Vandals have buried their dead with little or no object, which defies analysis, as the extreme scarcity of archaeological evidence due to the Vandals in rural areas. The graves were usually placed in cemeteries suburban, at churches, as Hadra or Tebessa , and help confirm some acculturation or a phenomenon of romanization of the elites. These have been quick to adopt an urban lifestyle like, for example, Ostrogoths in Italy or the Visigoths in Spain in the seventh century. A mosaic found in Tbessa has a child vandal wearing Roman clothes. Even if these testimonies are only valid for the material aspects of life of people in this time and can also be explained by the small number of invaders immersed in an environment alien to their culture and lifestyle of origin. That's why nothing seems to now show that the Vandal period marked the end of urban civilization in Africa, on the contrary as outlined in the work of Claude Lepelley.
Fall
The instability of the Vandal throne on the death of Genseric , due to infighting, weakened Vandals themselves, including the military point of view (taste of luxury, comfort and idleness, lack of training and enemies seriously to fight, decreased morale, difficulty in recruiting for the army, etc..), the political and religious conflicts, the division of the nobility between pro-and anti-Byzantine attacks becoming more frequent Berbers and power of the Byzantine Emperor Justinian and his general Belisarius , causing the rapid drop Vandal kingdom.

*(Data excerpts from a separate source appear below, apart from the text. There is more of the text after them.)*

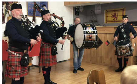
Schottische Klänge dank der Pipes & Drums-Band.

denfalls musste der Barman Jimmy zweimal
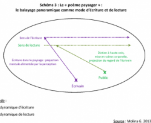
Schéma 3 : Le « poème paysager » : le balayage panoramique comme mode d'écriture et de lecture.

La poésie de Jacques Jouet s'ancre et se produit donc à partir d'une actualité, celle d'un lieu vécu à un instant donné par l'auteur. L'expérience sensible du lieu devient le moteur d'une écriture instantanée. Confrère du « poème de métro », le « poème paysage » s'écrit lui aussi « en direct », mais d'une manière horizontale sur un seul vers (poème monostique) et « dans le paysage ». Le balayage panoramique est alors utilisé comme un mode d'écriture du poème. Pour le produire, Jacques Jouet prend appui sur sa perception du lieu. Il part de la position statique que son corps occupe dans l'espace et procède comme un photographe cherchant à immortaliser un panorama en saisissant le paysage par succession d'images horizontales. Ce dispositif poétique n'implique pas seulement un renouvellement du mode d'écriture, mais reconfigure également un autre pan fondamental de la fabrique littéraire que sont la lecture et le rapport au lecteur.
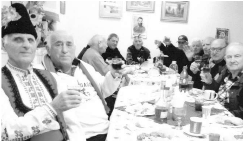
Празнуване на Трифон Зарезан

Но къде са сега созополските лозя със сладкия памид? Те рагнаха очите с различни сортове грозде, от които трудолюбиви стопани правеха бяло и червено вино, а от гжибритите – парлива ракуйка.
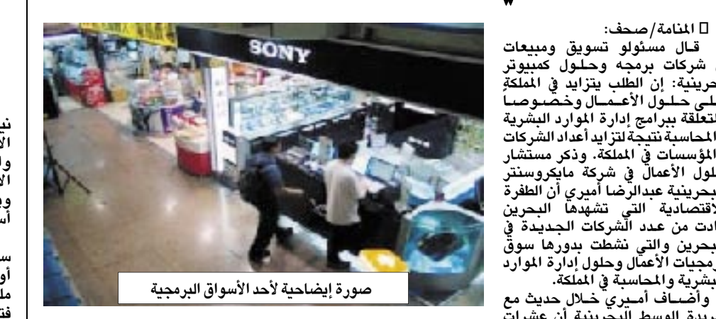
صورة إيضاحية لأحد الأسواق البرمجية

دون عرض تركيب هذه البرامج والنظم أو حتى إعطاء ضمانات عليه... ويشفي المسؤول الذي يعمل لأكثر من عشرة أعوام في مجال المعلوماتية: الشركات الصغيرة قد تفضل الحلول المحاسبية والإدارية الأرخص ثمناً وبعضها يتفاجأ أن هذه الحلول لا تلبى احتياجاتها أو لا تتوافق لها فنيوياً صيانة متخصصة لهذه الحلول ويلجأون إلى تغييرها بالتعاون مع شركات أخرى مما يكبد هذه الشركات خسائر تصل إلى نحو 15 ألف دينار لبعض الشركات المتوسطة.
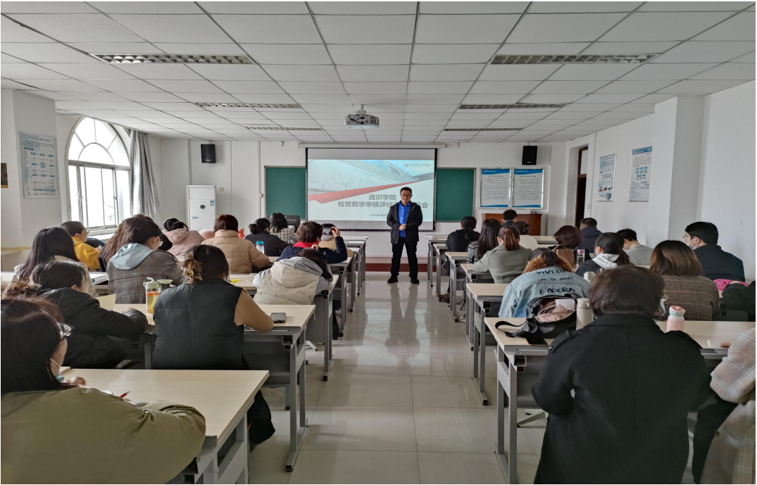
赵旭领学审核评估工作指南
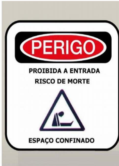
Figura 02 – Placa de identificação dos espaços confinados.
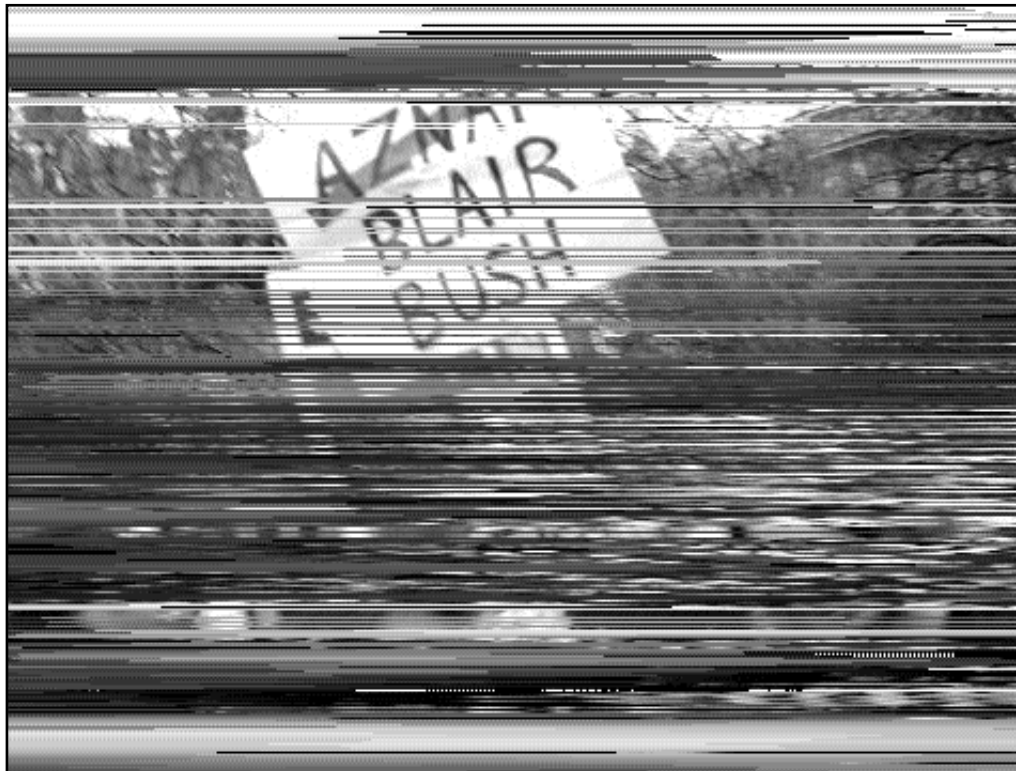
20 mars 2004. Manifestation à Londres contre la guerre et l'occu- pation en Irak

At the end of August 533 , Belisarius landed with 15,000 mercenaries Heruli and 1000 Huns and becomes master of Carthage in just two months after the battles of Tricamron and the Ad Decimum , not far from Carthage. In spring 534 , the last Vandal king Gelimer , who fled for a time with its allies in the Berber mountains of Kabylie and have tried to reach Spain, was taken to Constantinople where it appears in the triumph of Justinian it ends his days in Galatia. After their defeat in Carthage, most of the Vandals and Alans join the Kabylie region where they merge with the Berber population-Roman. Those prisoners in Carthage are enrolled in the Byzantine army or deported.
References
- Victor of Vita, History of the Vandal persecution, II, 27-28
See also
Bibliography
- Audollent Augustus, "The imperial emissaries Veredarii under the late Empire," Mixtures of Archaeology and History, Volume 9, No. 9, 1889, pp. 249-278
- Christian Courtois , The Vandals and Africa, ed. Graphic arts and crafts, Paris, 1955
- Yves Moderan , The Moors and Roman Africa (IV-VII century), al. "Library of the French schools of Athens and Rome, ed. French School of Rome, Rome, 2003
- Lucien Musset , Les Invasions, waves Germanic al. "New Clio: history and its problems", ed. PUF, Paris, 1965 (2nd ed. In 1969)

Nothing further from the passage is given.